# THE TASK
Take the line containing "Тетрадрахма Селевка из" and every line after it to the end of the records, and copy them exactly, excluding pictures.

**** AVAILABLE DATA ****

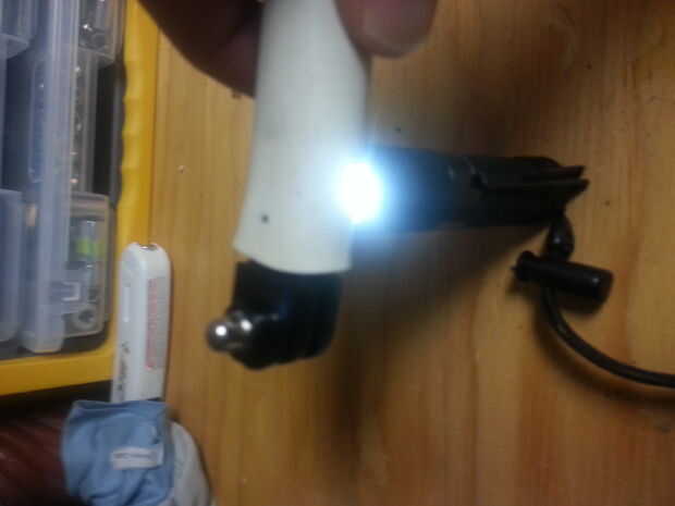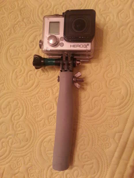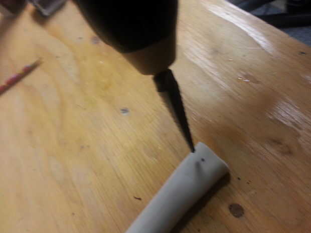 Usted podría adivinar donde va el agujero, pero no tenemos que. Para perforar un agujero perfecto, entra en una habitación oscura, brillar una linterna brillante a través de la PVC mientras se introduce la bisagra de GoPro. Pude ver un débil círculo de luz. Marque el centro con un lápiz en ambos lados. Retire la bisagra de GoPro. Toque la marca de lápiz con un punzón para hacer mella, y luego perfore con la broca escalonada hasta que aceptará el perno métrico. Inserte la bisagra, inserte el perno, que pueden necesitar para enroscar en lugar usando el destornillador y el tornillo en la tuerca de mariposa.
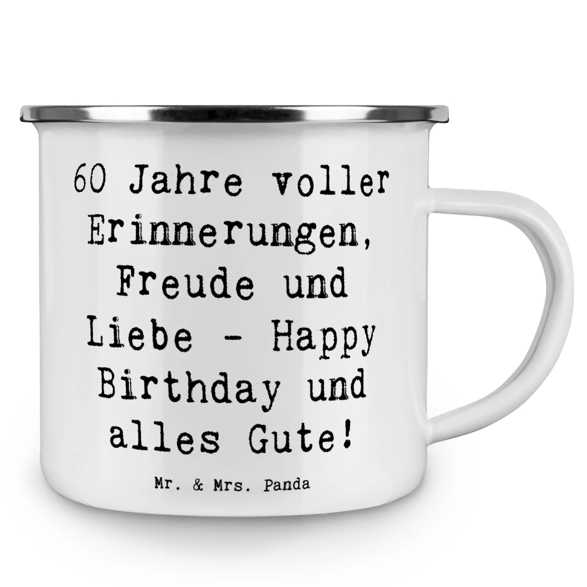Enamel camping mug Saying 60 Jahre voller Erinnerungen, Freude und Liebe - Happy Birthday und alles Gute!
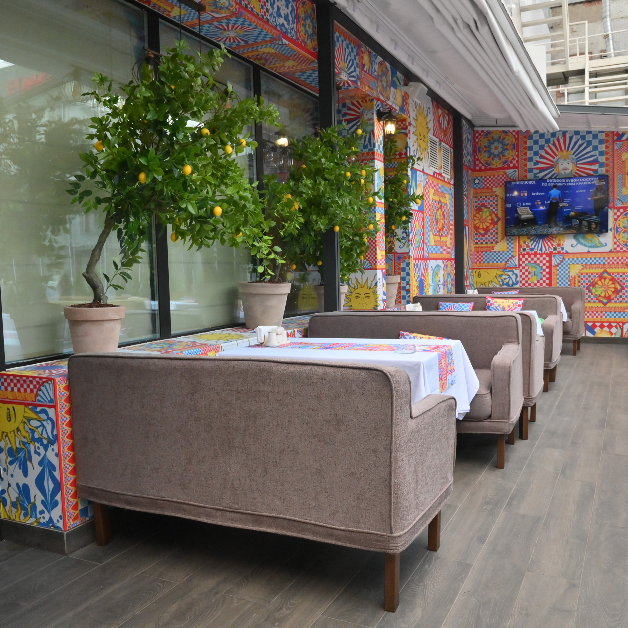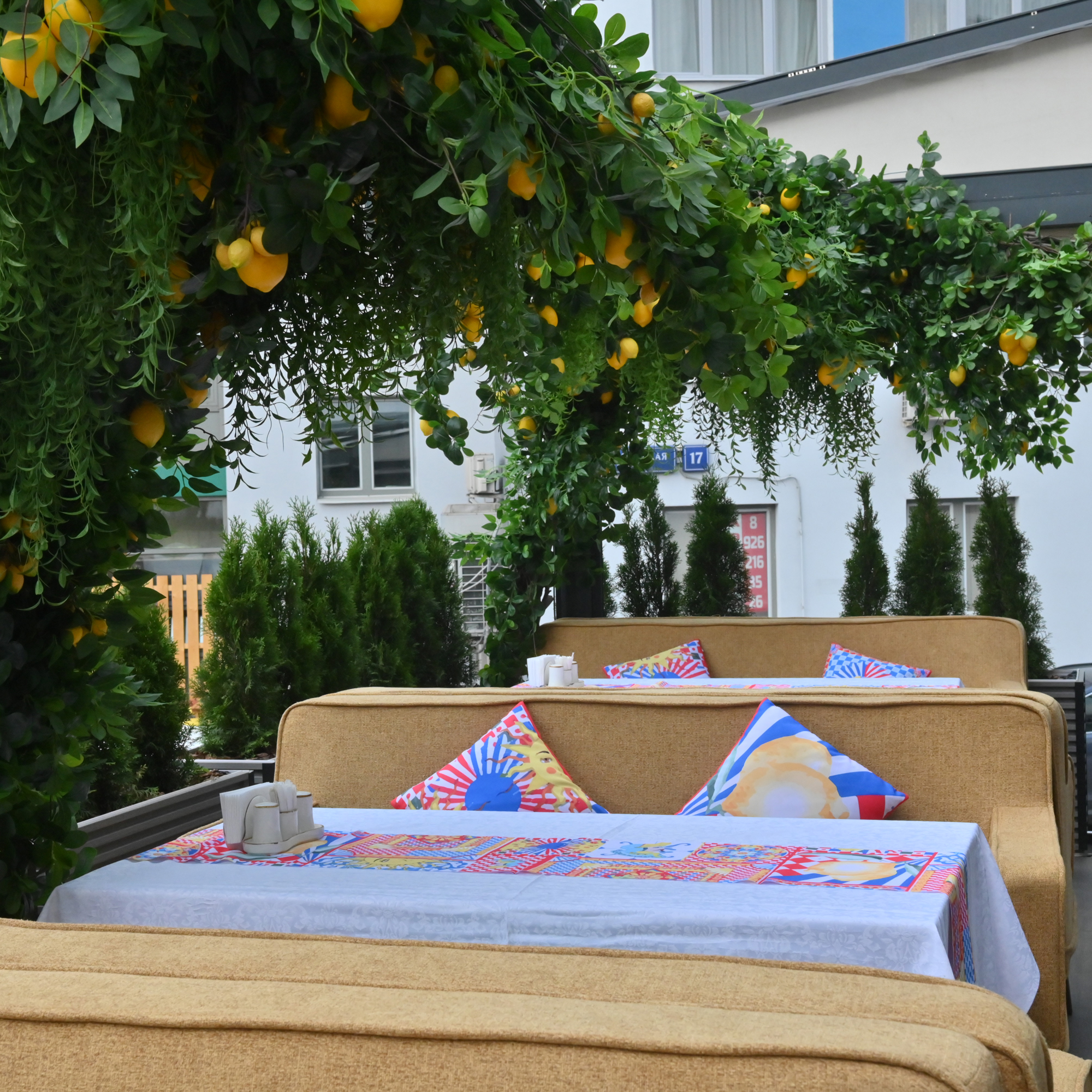 Зал имеет прямой выход на открытую оборудованную веранду, площадью более 50 кв. м, которая в летнее время оборудуется стационарными зонтами с тканевым покрытием.
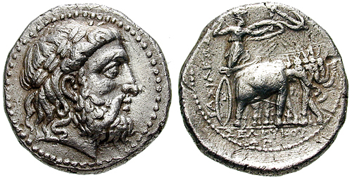 Тетрадрахма Селевка из Селевкии. Аверс: голова Зевса. Реверс: Афина со слонами.
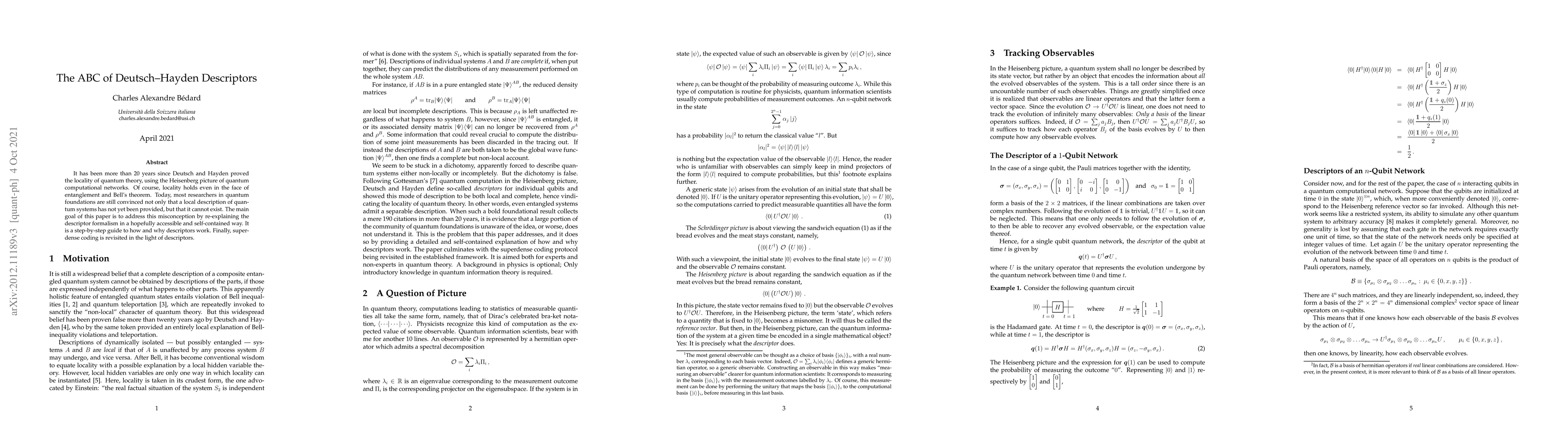 It has been more than 20 years since Deutsch and Hayden proved the locality of quantum theory, using the Heisenberg picture of quantum computational networks. Of course, locality holds even in the face of entanglement and Bell's theorem. Today, most researchers in quantum foundations are still convinced not only that a local description of quantum systems has not yet been provided, but that it cannot exist. The main goal of this paper is to address this misconception by re-explaining the descriptor formalism in a hopefully accessible and self-contained way. It is a step-by-step guide to how and why descriptors work. Finally, superdense coding is revisited in the light of descriptors.

****

# RESPONSE FOR THIS EXERCISE
 Тетрадрахма Селевка из Селевкии. Аверс: голова Зевса. Реверс: Афина со слонами.
 It has been more than 20 years since Deutsch and Hayden proved the locality of quantum theory, using the Heisenberg picture of quantum computational networks. Of course, locality holds even in the face of entanglement and Bell's theorem. Today, most researchers in quantum foundations are still convinced not only that a local description of quantum systems has not yet been provided, but that it cannot exist. The main goal of this paper is to address this misconception by re-explaining the descriptor formalism in a hopefully accessible and self-contained way. It is a step-by-step guide to how and why descriptors work. Finally, superdense coding is revisited in the light of descriptors.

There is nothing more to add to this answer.